Tempos atrás as horas extras dos agentes de trânsito foram cortadas e as equipes passaram a trabalhar em regime de plantão; some-se a isso o fato do efetivo estar bem abaixo do ideal. Segundo dados do Departamento Nacional de Trânsito (Denatran), o ideal é que seja um agente de trânsito para cada 1 mil ou 2 mil habitantes. Considerando que a população de Blumenau em 2017 foi estimada pelo IBGE em 348 mil, mas também levando em conta as dificuldades para manter a folha de pagamento sem ferir a Lei de Responsabilidade Fiscal, seria impraticável um efetivo de 348 agentes de trânsito. Então, o efetivo ideal máximo admitido seria de 174. O efetivo de Blumenau é de 121, o que dá um déficit de 53.

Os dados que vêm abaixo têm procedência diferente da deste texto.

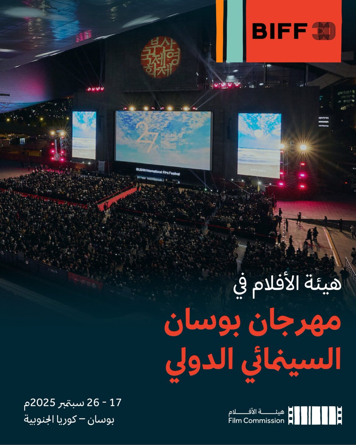تشارك هيئة الأفلام في مهرجان بوسان السينمائي الدولي 2025، الذي يُقام في مدينة بوسان، ثاني أكبر مُدن كوريا الجنوبية، خلال الفترة من 17 إلى 26 سبتمبر، ويُعد المهرجان أحد أبرز المهرجانات السينمائية في قارة آسيا، ومن أكبر أسواق السينما على مستوى العالم، بما يقدمه من أقسام متنوعة للأفلام الروائية والوثائقية، …

Não é novidade para ninguém a falta de efetivo na PM de modo que se as fiscalizações de trânsito que a corporação faz existem é porque os policiais fazem das tripas coração, juntamente com a GMT. Esse é um fator muito importante e determinante para que as blitze sejam feitas com mais frequência e regularidade em Blumenau. Pelo menos, ainda que não se admita claramente isso à população, a falta de efetivo sempre foi a explicação para a Blitz da Lei Seca nunca ter chegado na cidade.

Sabemos que trânsito é comportamento, envolve a educação de berço, aquela que se traz de casa, os valores, as crenças, os traços de personalidade, o modo como as pessoas respeitam as outras e cumprem as leis. Só que comportamento demora para mudar porque faz parte de uma cultura, e a cultura por aqui tem sido transgredir e colocar a culpa em quem fiscaliza. Nesses casos, quando o comportamento do motorista não ajuda, fiscalização neles! E de forma ostensiva para que saibam, de alguma maneira, que é uma das formas mais efetivas de se colocar um freio nos abusos.

Fiscalização não educa para o trânsito, mas é um dos pilares do trânsito seguro e evita que os motoristas continuem acreditando que “não dá nada”. Fiscalização não muda comportamentos, mas os condiciona para que os motoristas passem a ter um tipo de “medo” e de cautela que antes não tinham. Pelo menos é um começo para se levar trânsito a sério dos dois lados: dos gestores, dos quais o CTB cobra o dever de fiscalização, de engenharia de tráfego e de educação; e dos motoristas, dos quais o CTB cobra o respeito às normas para convivência pacífica nas vias.

Se essa onda de fiscalização que está sendo anunciada vai se manter, isso só saberemos ao longo dos demais dias do ano. E que seja implacável como esperamos, pois se fiscalizando já está difícil, imagina deixando os motoristas fazerem o que quiserem.